**Assigned task:** Every line in the listing below from the one with "- Špagete zmešamo" through the one with "Hàng rào tại" is to be reproduced exactly, both ends included; leave out the rest.

**Data to examine:**
* * *

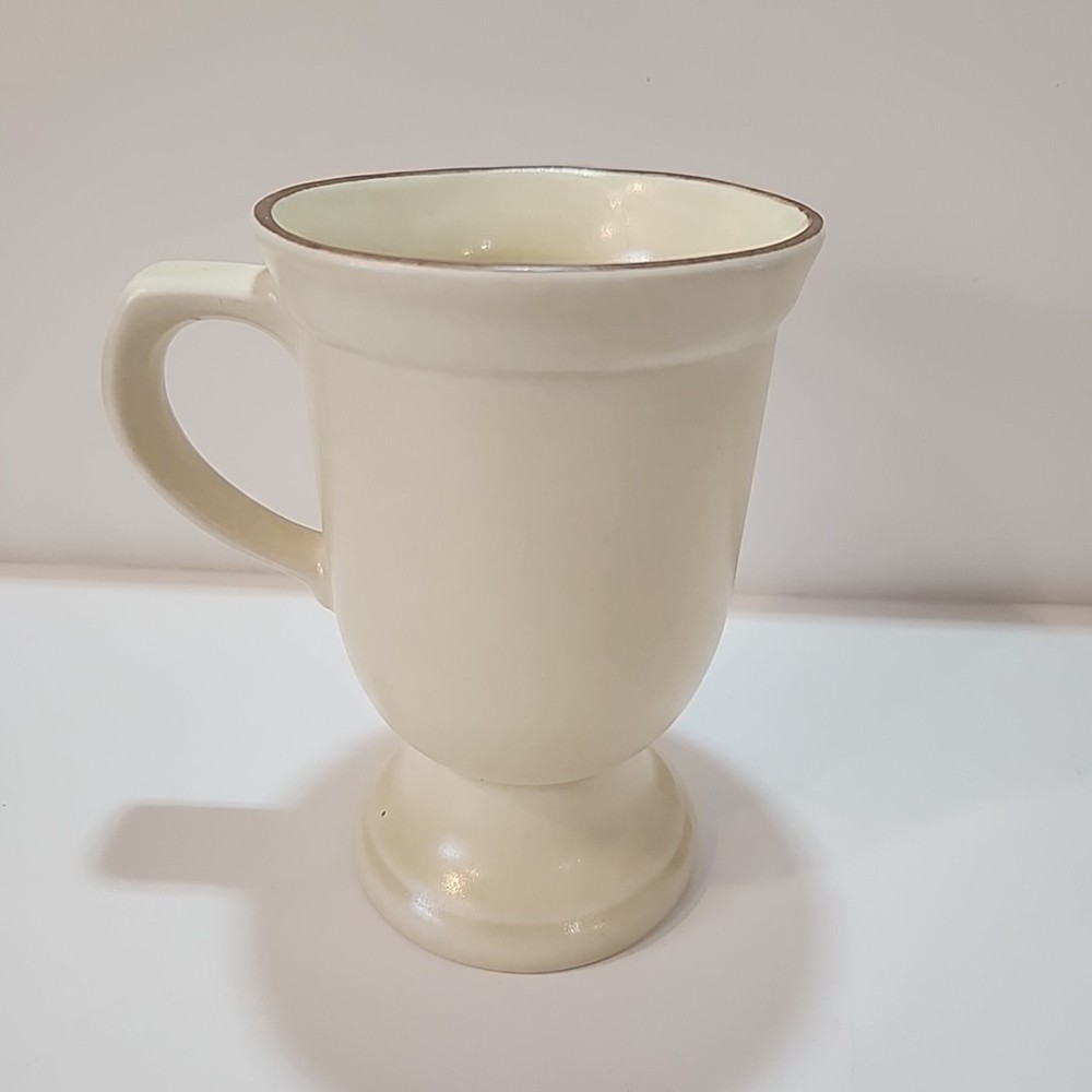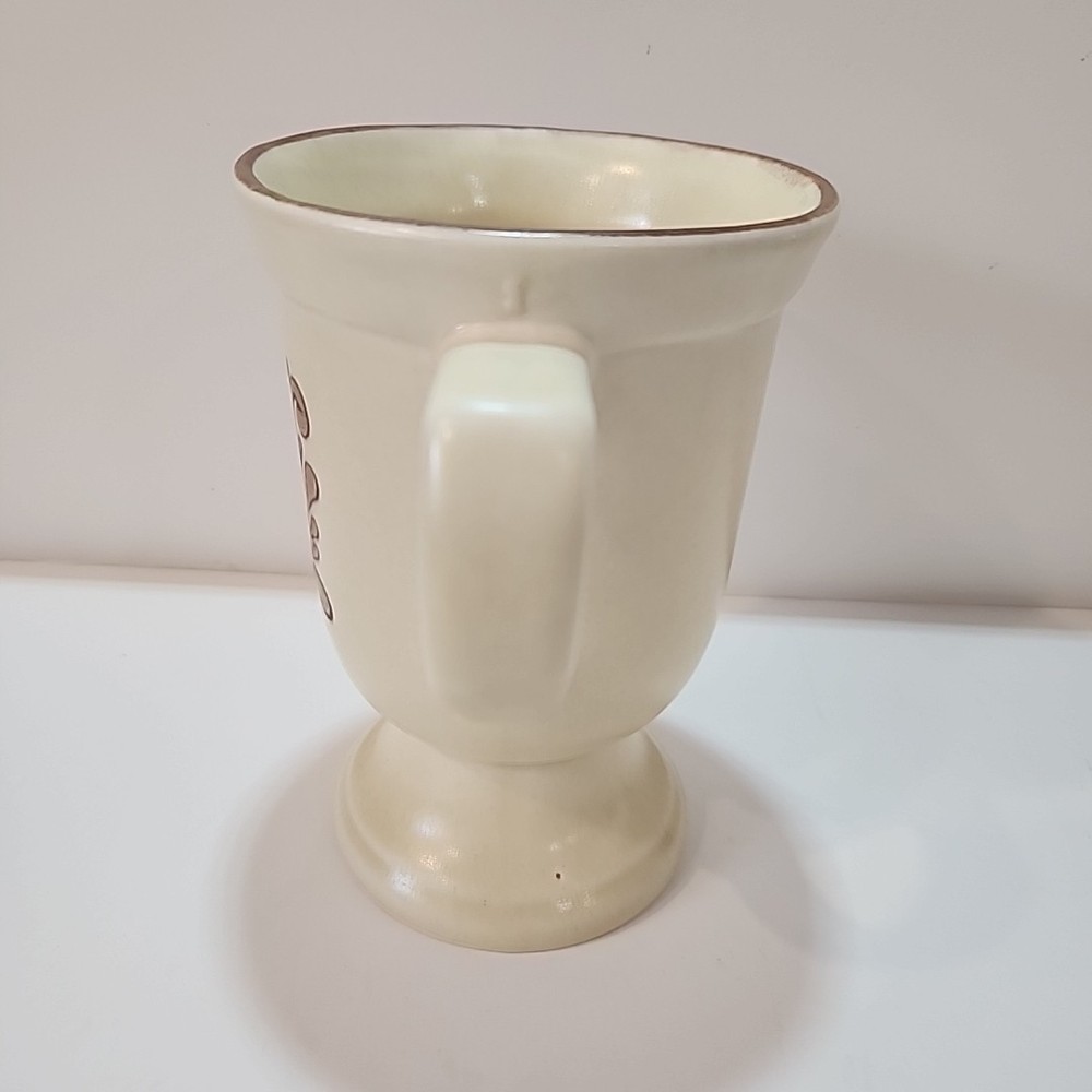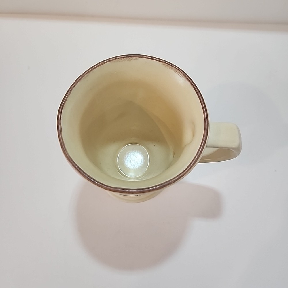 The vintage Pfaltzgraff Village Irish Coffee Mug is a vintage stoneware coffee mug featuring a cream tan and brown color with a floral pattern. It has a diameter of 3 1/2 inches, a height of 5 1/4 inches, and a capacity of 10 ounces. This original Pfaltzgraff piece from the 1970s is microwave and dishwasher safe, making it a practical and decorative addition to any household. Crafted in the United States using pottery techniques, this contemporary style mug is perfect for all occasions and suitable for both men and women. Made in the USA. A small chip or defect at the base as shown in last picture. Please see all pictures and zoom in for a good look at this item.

* * *

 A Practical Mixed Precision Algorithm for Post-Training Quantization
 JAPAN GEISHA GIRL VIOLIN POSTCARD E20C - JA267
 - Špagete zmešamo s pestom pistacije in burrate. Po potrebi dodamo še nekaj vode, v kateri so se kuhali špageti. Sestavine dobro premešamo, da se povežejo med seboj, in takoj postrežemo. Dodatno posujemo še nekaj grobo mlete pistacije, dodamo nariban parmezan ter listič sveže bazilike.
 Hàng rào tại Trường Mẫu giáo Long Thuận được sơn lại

* * *

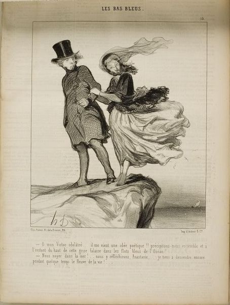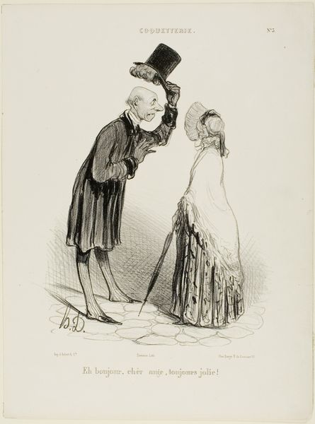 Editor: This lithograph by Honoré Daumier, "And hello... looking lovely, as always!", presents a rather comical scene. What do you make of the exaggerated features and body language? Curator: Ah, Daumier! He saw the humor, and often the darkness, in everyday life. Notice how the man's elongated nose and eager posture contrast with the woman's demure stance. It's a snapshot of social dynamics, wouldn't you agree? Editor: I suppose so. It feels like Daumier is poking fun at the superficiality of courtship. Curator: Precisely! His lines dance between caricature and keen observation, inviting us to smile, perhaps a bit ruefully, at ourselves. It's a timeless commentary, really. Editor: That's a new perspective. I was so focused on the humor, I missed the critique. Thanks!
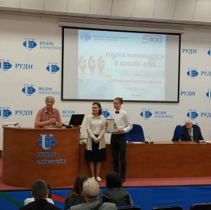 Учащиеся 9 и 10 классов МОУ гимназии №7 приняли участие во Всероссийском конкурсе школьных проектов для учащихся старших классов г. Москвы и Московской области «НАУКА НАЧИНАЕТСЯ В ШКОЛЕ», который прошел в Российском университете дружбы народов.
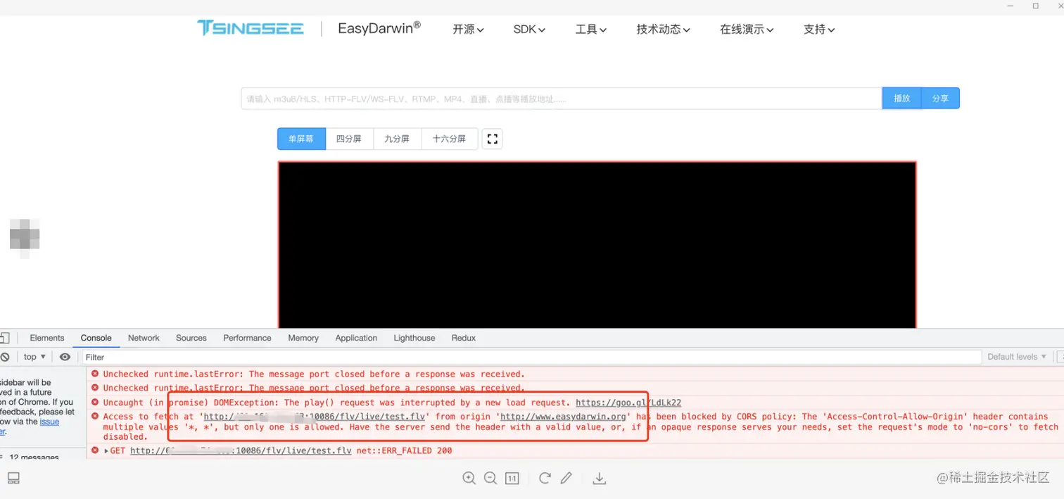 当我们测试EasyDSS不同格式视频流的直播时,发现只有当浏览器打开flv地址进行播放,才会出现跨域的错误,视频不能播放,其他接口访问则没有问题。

* * *

**Solution to this task:**
 - Špagete zmešamo s pestom pistacije in burrate. Po potrebi dodamo še nekaj vode, v kateri so se kuhali špageti. Sestavine dobro premešamo, da se povežejo med seboj, in takoj postrežemo. Dodatno posujemo še nekaj grobo mlete pistacije, dodamo nariban parmezan ter listič sveže bazilike.
 Hàng rào tại Trường Mẫu giáo Long Thuận được sơn lại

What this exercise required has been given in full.